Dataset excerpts
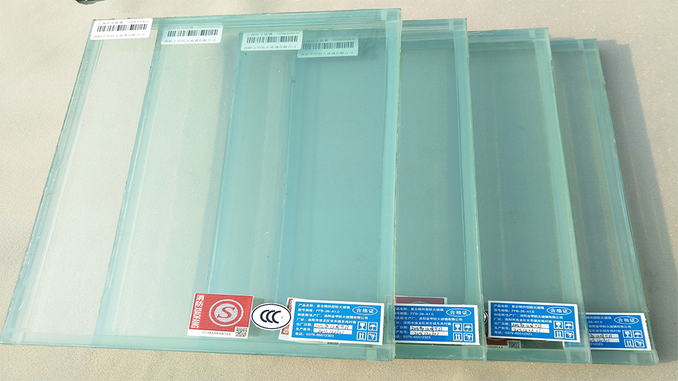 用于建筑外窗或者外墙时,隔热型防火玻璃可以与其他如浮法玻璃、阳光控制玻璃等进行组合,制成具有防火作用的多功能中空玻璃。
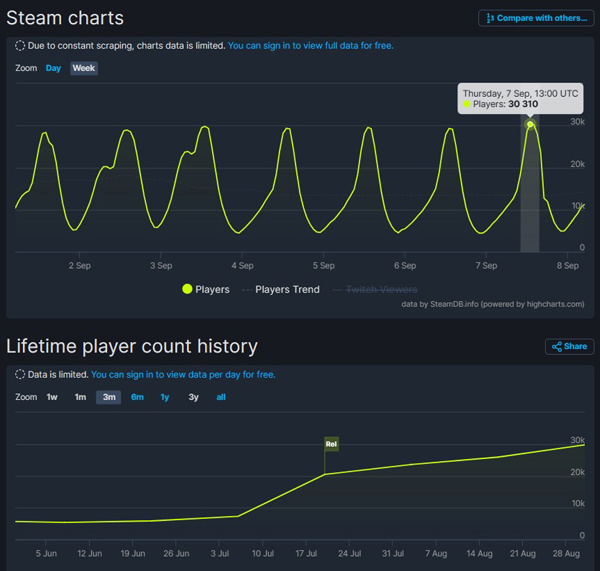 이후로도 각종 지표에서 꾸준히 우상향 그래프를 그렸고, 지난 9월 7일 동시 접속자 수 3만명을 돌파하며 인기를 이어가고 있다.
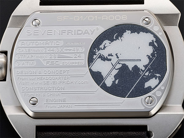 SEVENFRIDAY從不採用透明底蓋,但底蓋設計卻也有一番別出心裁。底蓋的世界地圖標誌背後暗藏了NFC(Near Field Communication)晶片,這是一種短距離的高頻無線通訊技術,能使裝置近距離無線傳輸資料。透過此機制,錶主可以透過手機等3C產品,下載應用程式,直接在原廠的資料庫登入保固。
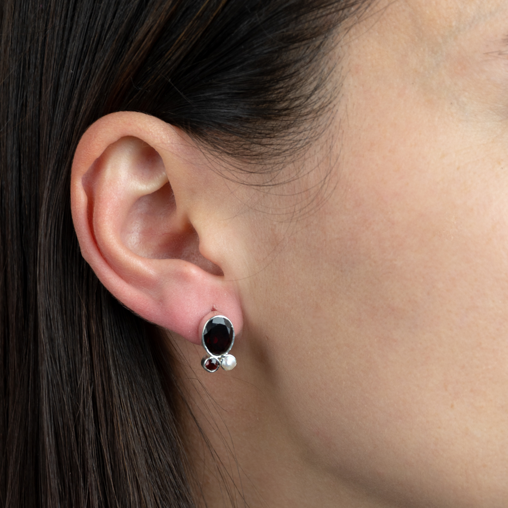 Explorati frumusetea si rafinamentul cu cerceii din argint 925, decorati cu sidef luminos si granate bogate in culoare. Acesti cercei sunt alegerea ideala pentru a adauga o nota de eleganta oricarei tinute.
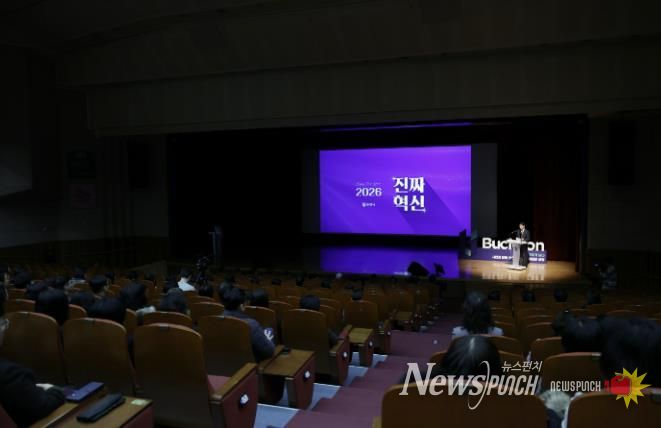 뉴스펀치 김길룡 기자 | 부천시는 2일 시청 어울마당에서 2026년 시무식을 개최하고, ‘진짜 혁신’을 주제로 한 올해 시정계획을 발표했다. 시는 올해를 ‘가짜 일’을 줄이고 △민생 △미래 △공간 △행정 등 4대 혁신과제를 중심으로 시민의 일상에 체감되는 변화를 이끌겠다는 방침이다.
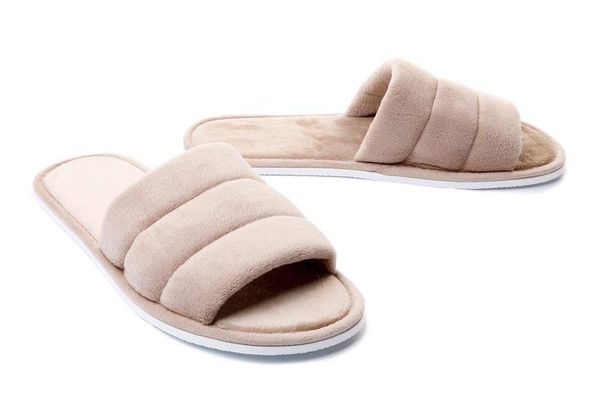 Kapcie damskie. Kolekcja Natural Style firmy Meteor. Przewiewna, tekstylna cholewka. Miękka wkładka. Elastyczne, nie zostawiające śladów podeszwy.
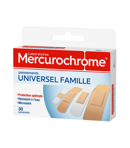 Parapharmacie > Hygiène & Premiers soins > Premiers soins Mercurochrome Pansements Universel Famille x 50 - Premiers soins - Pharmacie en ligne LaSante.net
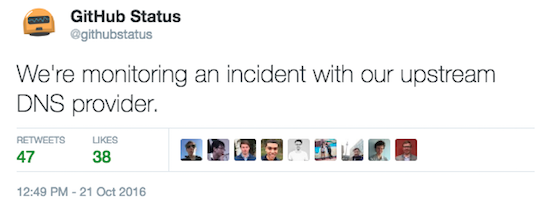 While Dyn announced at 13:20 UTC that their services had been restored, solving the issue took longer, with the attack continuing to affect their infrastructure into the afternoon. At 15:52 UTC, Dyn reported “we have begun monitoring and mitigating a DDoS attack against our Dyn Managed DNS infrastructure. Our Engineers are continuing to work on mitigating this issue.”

### Work instructions
Above are the records; copy every one of them exactly and omit the images.

### Task solution
 用于建筑外窗或者外墙时,隔热型防火玻璃可以与其他如浮法玻璃、阳光控制玻璃等进行组合,制成具有防火作用的多功能中空玻璃。
 이후로도 각종 지표에서 꾸준히 우상향 그래프를 그렸고, 지난 9월 7일 동시 접속자 수 3만명을 돌파하며 인기를 이어가고 있다.
 SEVENFRIDAY從不採用透明底蓋,但底蓋設計卻也有一番別出心裁。底蓋的世界地圖標誌背後暗藏了NFC(Near Field Communication)晶片,這是一種短距離的高頻無線通訊技術,能使裝置近距離無線傳輸資料。透過此機制,錶主可以透過手機等3C產品,下載應用程式,直接在原廠的資料庫登入保固。
 Explorati frumusetea si rafinamentul cu cerceii din argint 925, decorati cu sidef luminos si granate bogate in culoare. Acesti cercei sunt alegerea ideala pentru a adauga o nota de eleganta oricarei tinute.
 뉴스펀치 김길룡 기자 | 부천시는 2일 시청 어울마당에서 2026년 시무식을 개최하고, ‘진짜 혁신’을 주제로 한 올해 시정계획을 발표했다. 시는 올해를 ‘가짜 일’을 줄이고 △민생 △미래 △공간 △행정 등 4대 혁신과제를 중심으로 시민의 일상에 체감되는 변화를 이끌겠다는 방침이다.
 Kapcie damskie. Kolekcja Natural Style firmy Meteor. Przewiewna, tekstylna cholewka. Miękka wkładka. Elastyczne, nie zostawiające śladów podeszwy.
 Parapharmacie > Hygiène & Premiers soins > Premiers soins Mercurochrome Pansements Universel Famille x 50 - Premiers soins - Pharmacie en ligne LaSante.net
 While Dyn announced at 13:20 UTC that their services had been restored, solving the issue took longer, with the attack continuing to affect their infrastructure into the afternoon. At 15:52 UTC, Dyn reported “we have begun monitoring and mitigating a DDoS attack against our Dyn Managed DNS infrastructure. Our Engineers are continuing to work on mitigating this issue.”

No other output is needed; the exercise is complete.